In his view, Palestinians, or the “Arabs of the Land of Israel,” can either “forgo their national aspirations and stay here and live as individuals in the Jewish state,” or they can pack their bags and leave.
“Those who choose not to let go of their national ambitions will receive aid to emigrate to one of the many countries where Arabs realize their national ambitions, or to any other destination in the world.
“It is, of course, safe to assume that not everyone will adopt one of these two choices. There will be those who will continue to fight the Israel Defence Forces, the State of Israel, and the Jewish population.

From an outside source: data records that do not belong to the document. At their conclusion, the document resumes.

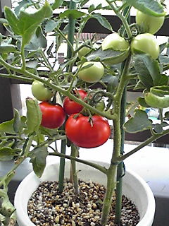 娘と共同生活をしているというか、たまに様子を見に行くというか、あるいはその中間の生活パターンなのだが、そのアパートの部屋のベランダに見事にトマトが実った。 元はと言えば娘が何かのイベントで苗を貰ってきたもので、有り合わせの鉢と用土で育てていた。ダメもとでベランダに出しっぱなしにして、娘が気付いたときに水遣りをしていた程度だが、順調に成長してくれた。背が大きくならず、脇芽も伸びず、鉢植えには最適の品種だったようだ。加工用で、味は濃厚だが外皮が固いと、パンフレットにある。おかげで雨に当たっても実が割れることがない。 最高に赤い実を一つ採って生で食べてみた。パンフレットの通り、固い皮の下にトマトの味が濃縮している。 娘よ、良いものをもらってきたな。
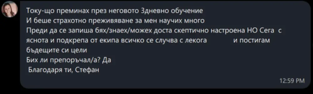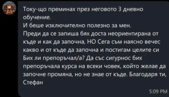 Току-що преминах през неговото вдъхновяващо обучение и беше полезно. Преди да се запиша, бях несигурен, НО сега съм по-уверен и постигам целите си. Бих ли препоръчал/а? Със двете ръце! 👍💪 Благодаря ти, Стефан.
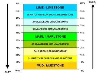 Marl or marlstone is a carbonate-rich mud or mudstone which contains variable amounts of clays and silt. The term was originally loosely applied to a variety of materials, most of which occur as loose, earthy deposits consisting chiefly of an intimate mixture of clay and calcium carbonate,[1] formed under freshwater conditions. These typically contain 35–65% clay and 65–35% carbonate.[2][3] The term is today often used to describe indurated marine deposits and lacustrine (lake) sediments which are more accurately named 'marlstone'.[4]
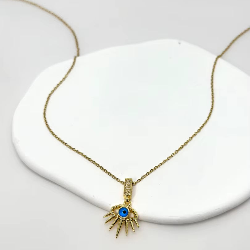 สร้อยคอประดับลูกปัดสำหรับผู้หญิง สไตล์มินิมอลจาก MOONRIVER ลายตาแมวสีฟ้า เครื่องประดับทองแดงสไตล์ศาสนา สำหรับฤดูร้อน
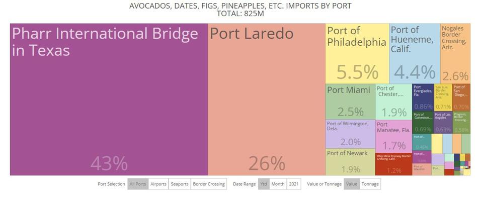 More than two-thirds of the value of all avocados and similar fruits that have entered the United States this year have entered at either Pharr or Port Laredo, according to Census data through February. ustradenumbers.com
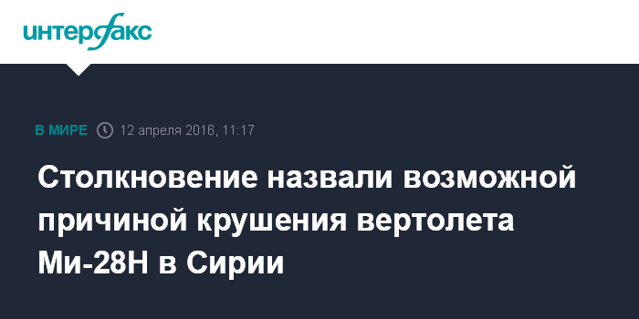 Столкновение назвали возможной причиной крушения вертолета Ми-28Н в Сирии
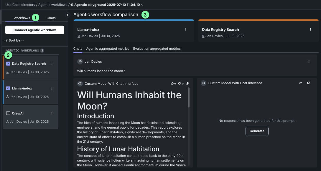 - Displays Agentic workflow comparison in the top of the chat window (3).
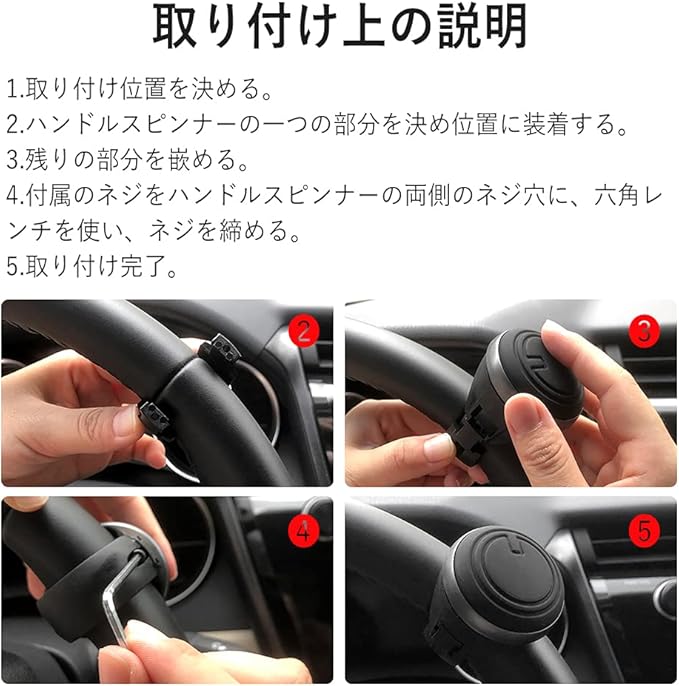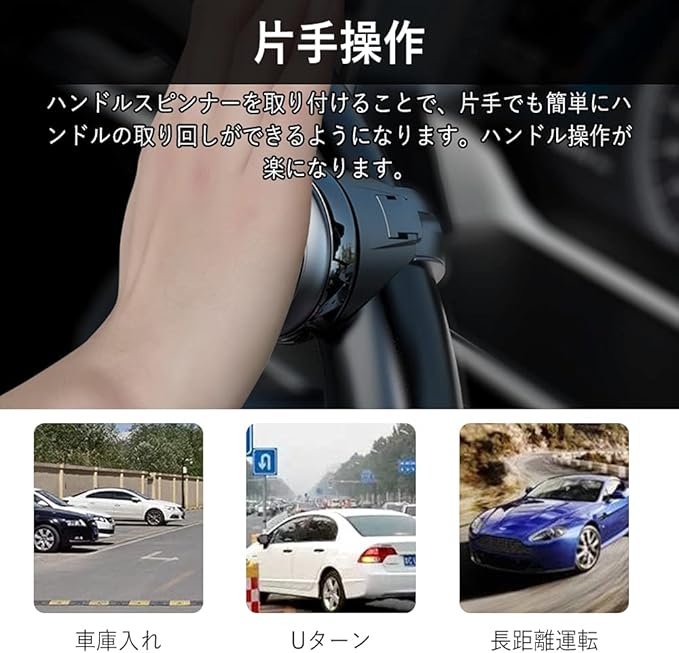 【片手操作】ステアリングホイールノブを取り付けることで、片手でも簡単にハンドルの取り回しができるようになります。両手での運転が難しい方や腕に障害がある方の運転補助具としても利用されます。
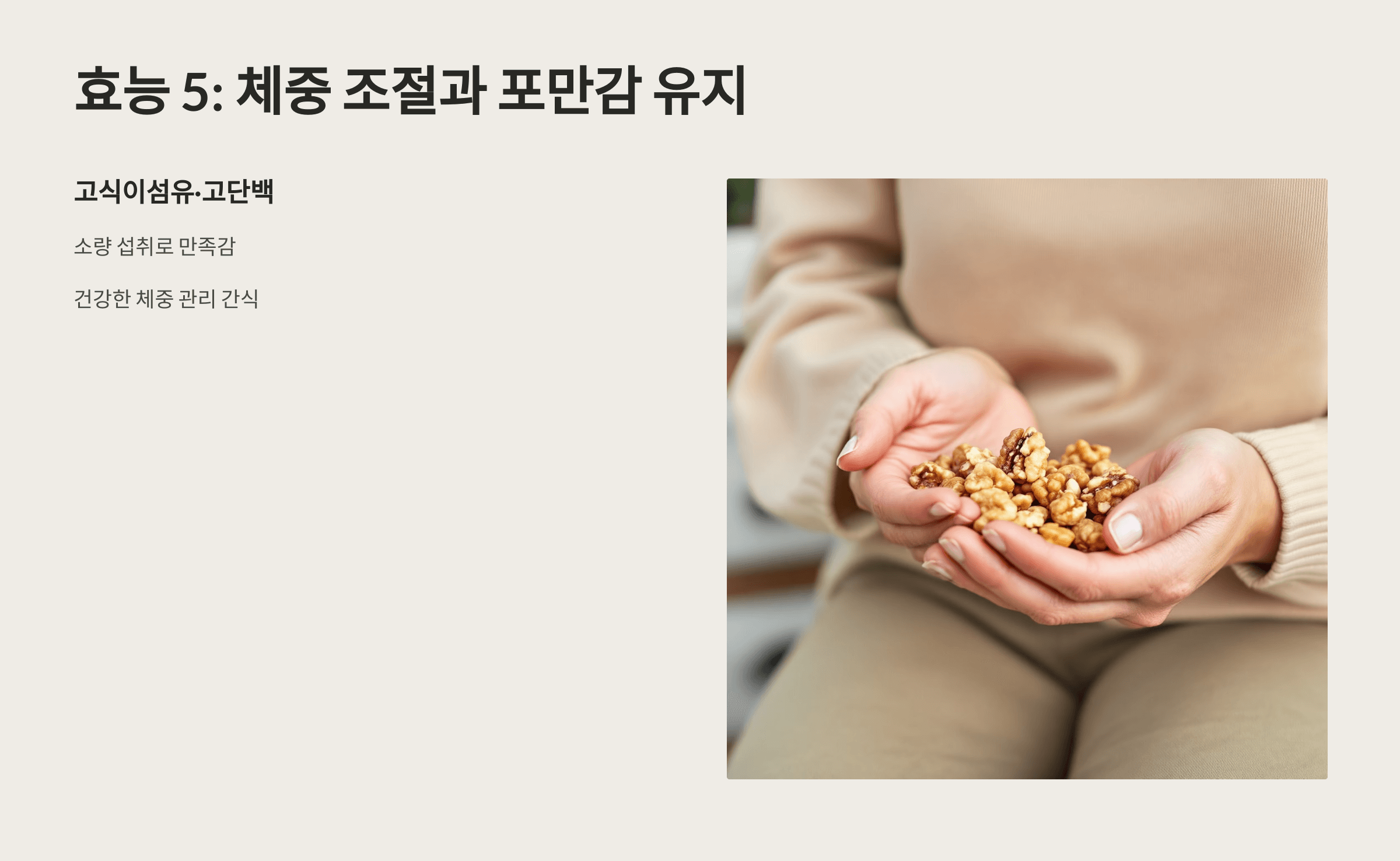 호두는 고식이섬유·고단백 식품으로 소량 섭취만으로도 만족감을 주어 건강한 체중 관리 간식으로 적합합니다.

Such terrorists will be dealt with by the security forces with a strong hand …”
Smotrich’s manifesto, a window inside the far right in Israel, has been adopted by the current Israeli government, which has no real interest in reaching a peace agreement with the present Palestinian leadership in the Palestinian Authority.
Political figures like Smotrich and Netanyahu would rather keep land in the West Bank — the ancestral homeland of the Jewish people — than exchange it for what could be a pragmatic accommodation with the Palestinians.
Which is why Netanyahu has accelerated the expansion of West Bank settlements. To him and like-minded Israelis who subscribe to the tenets of Revisionist Zionism, settlements establish the parameters of new borders and create an iron wall of security.
Yet settlements are and have been sowing further anger and embitterment among Palestinians, intensifying the protracted conflict between Zionism and Palestinian nationalism, and precluding the possibility of peace.